## [Dataset content]
▬▬▬

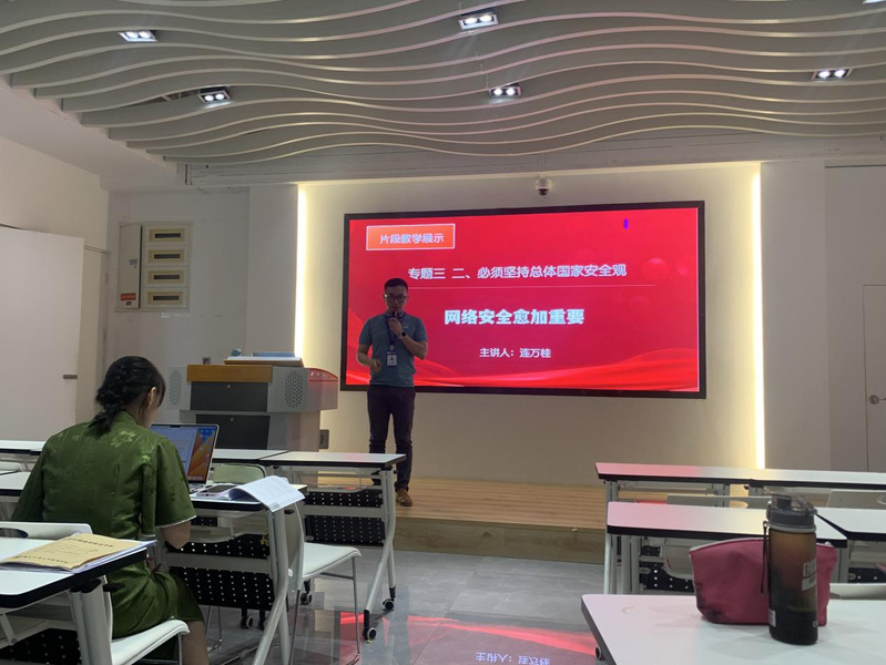 張羅丹老師和連萬桂老師分別圍繞“必須堅持總體國家安全觀”“網(wǎng)絡(luò)安全愈加重要”知識點進行了無生片段教學。
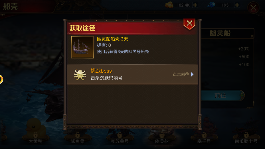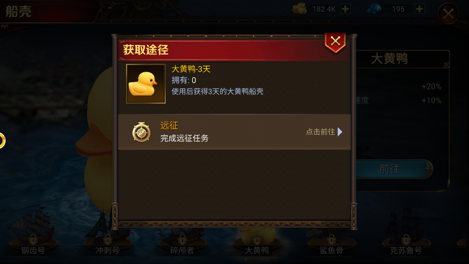 点击船壳就可以看到船壳附加的详细属性了,然后再点击前往就可以看到获取方式了,前五个船壳的获取方式是通过完成远征任务,这个任务需要15级才可以开启,而且任务线不算短,做完还是需要一定的时间的,也是必做的任务之一,所以前面五个船壳基本是一定可以获得的。
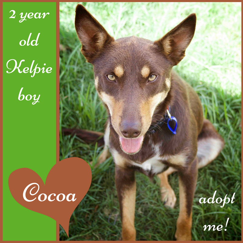 Cocoa is a 2 year old chocolate brown kelpie with bundles of love to give.
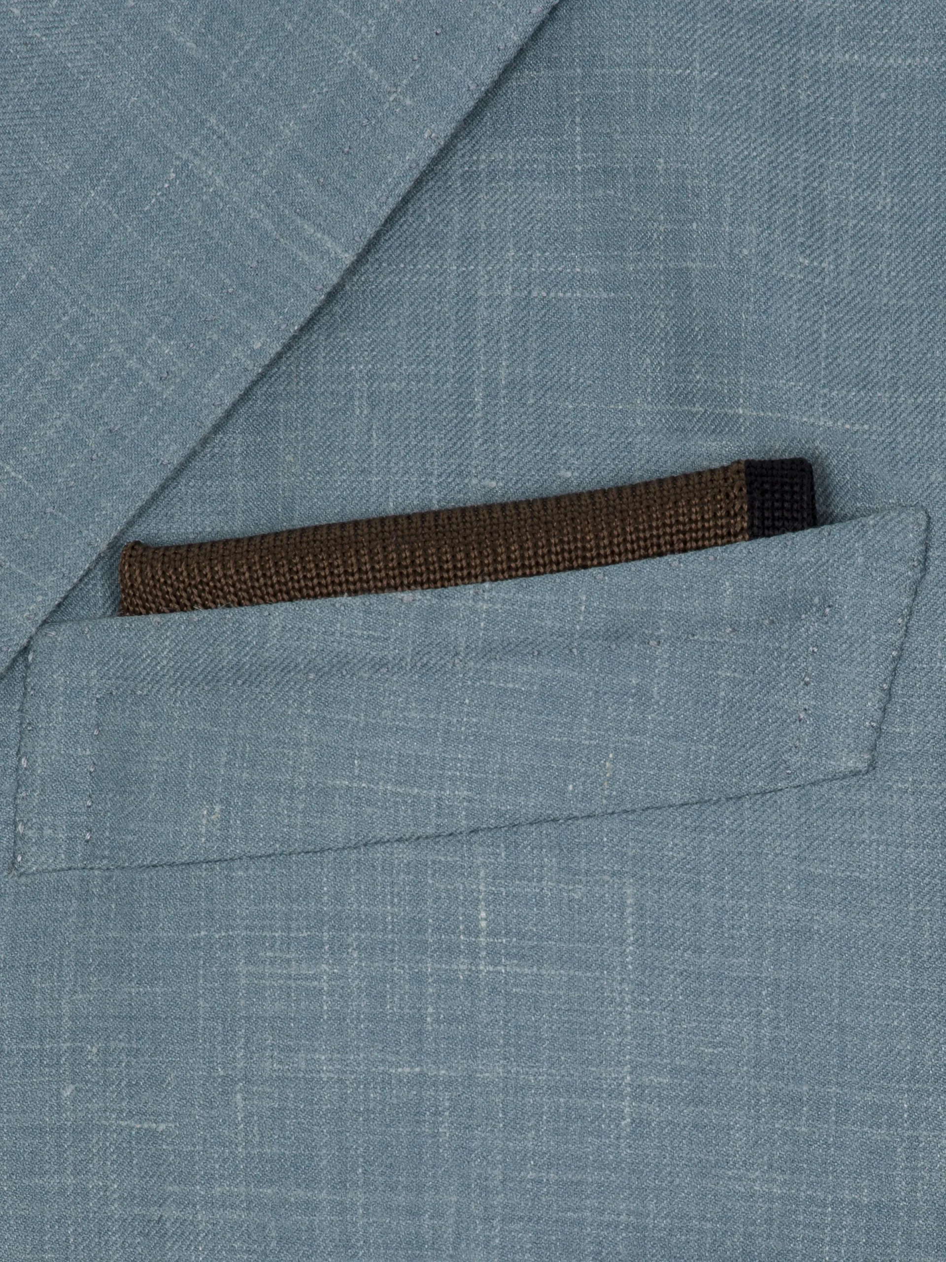 Inspired by our famous tie world, this brown and black pocket square is made in a 100% silk knitted fabric. This particular texture is obtained thanks to a tubular machine, which allows the silk threads to maintain extreme softness and vivid colours. Considered as an ‘out-of-the-box’ accessory, this special piece, will add an original and modern touch to your formal suit or jacket.

▬▬▬

## [Work item]
Omit pictures; set down the rest of the material word for word.

## [Written solution]
 張羅丹老師和連萬桂老師分別圍繞“必須堅持總體國家安全觀”“網(wǎng)絡(luò)安全愈加重要”知識點進行了無生片段教學。
 点击船壳就可以看到船壳附加的详细属性了,然后再点击前往就可以看到获取方式了,前五个船壳的获取方式是通过完成远征任务,这个任务需要15级才可以开启,而且任务线不算短,做完还是需要一定的时间的,也是必做的任务之一,所以前面五个船壳基本是一定可以获得的。
 Cocoa is a 2 year old chocolate brown kelpie with bundles of love to give.
 Inspired by our famous tie world, this brown and black pocket square is made in a 100% silk knitted fabric. This particular texture is obtained thanks to a tubular machine, which allows the silk threads to maintain extreme softness and vivid colours. Considered as an ‘out-of-the-box’ accessory, this special piece, will add an original and modern touch to your formal suit or jacket.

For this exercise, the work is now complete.